Former New Jersey Gov. Thomas Kean told CNN the CIA should have turned over tapes of agents interrogating suspected terrorists with "enhanced" techniques, including waterboarding. The CIA earlier this month admitted destroying several tapes and the admission has prompted a series of investigations.
"I'm not a lawyer and I'm not sure if they broke the law or not," Kean said. "But what they did do is, I think, try to impede our investigation, because we asked for legitimate -- anything to do with those detainees, because they were the ones who knew most about the plot of 9/11 and that was our mandate.

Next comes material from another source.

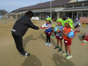 最後に、頑張ってサッカーをした御褒美に、サッカーボールと賞状をいただきました。
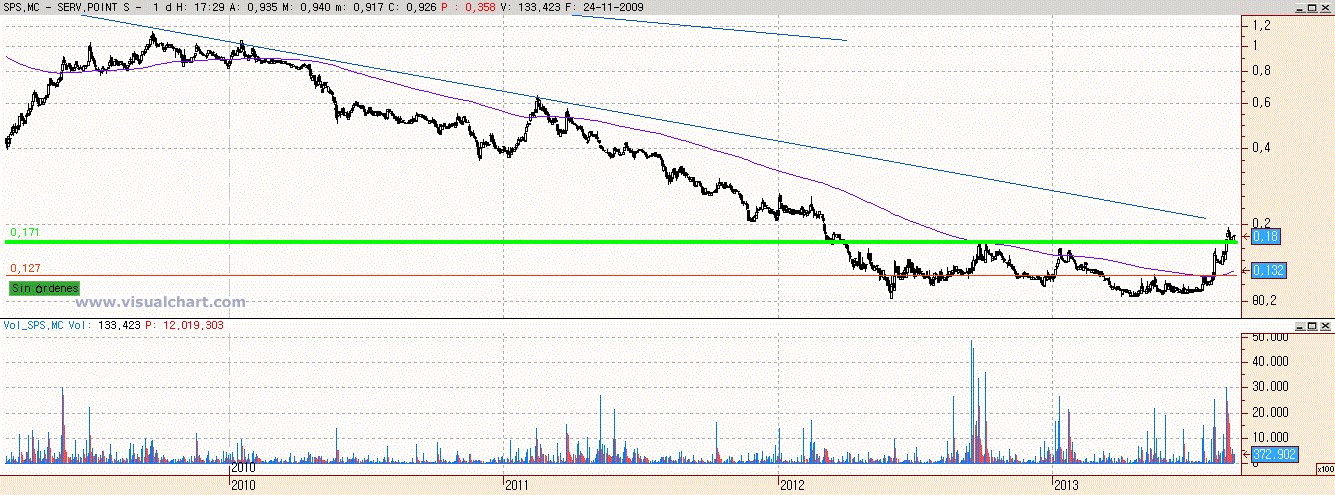 Service Point prevé volver a beneficios este año después de cinco años de pérdidas mediante un duro ajuste de plantilla y nuevas iniciativas empresariales que está siendo bien recibido por su cotización como se aprecia en su gráfico. Se debería confirmar la rotura de la directriz alrededor de 0,2.

And we asked the CIA for everything having to do with those and we asked them not on one occasion but three and four and five and six occasions, and those tapes were not made available to us."
Kean said CIA arguments that the Sept. 11 commission didn't specifically request the tapes amounts to "parsing" its words.
"We asked for every single thing that they had," Kean stated. "And then my vice chairman, Lee Hamilton, looked the director of the CIA in the face, and said, 'Look, even if we haven't asked for something, if it's pertinent to our investigation, make it available to us.' And our staff asked again and again of their staff and the tapes were not given to us."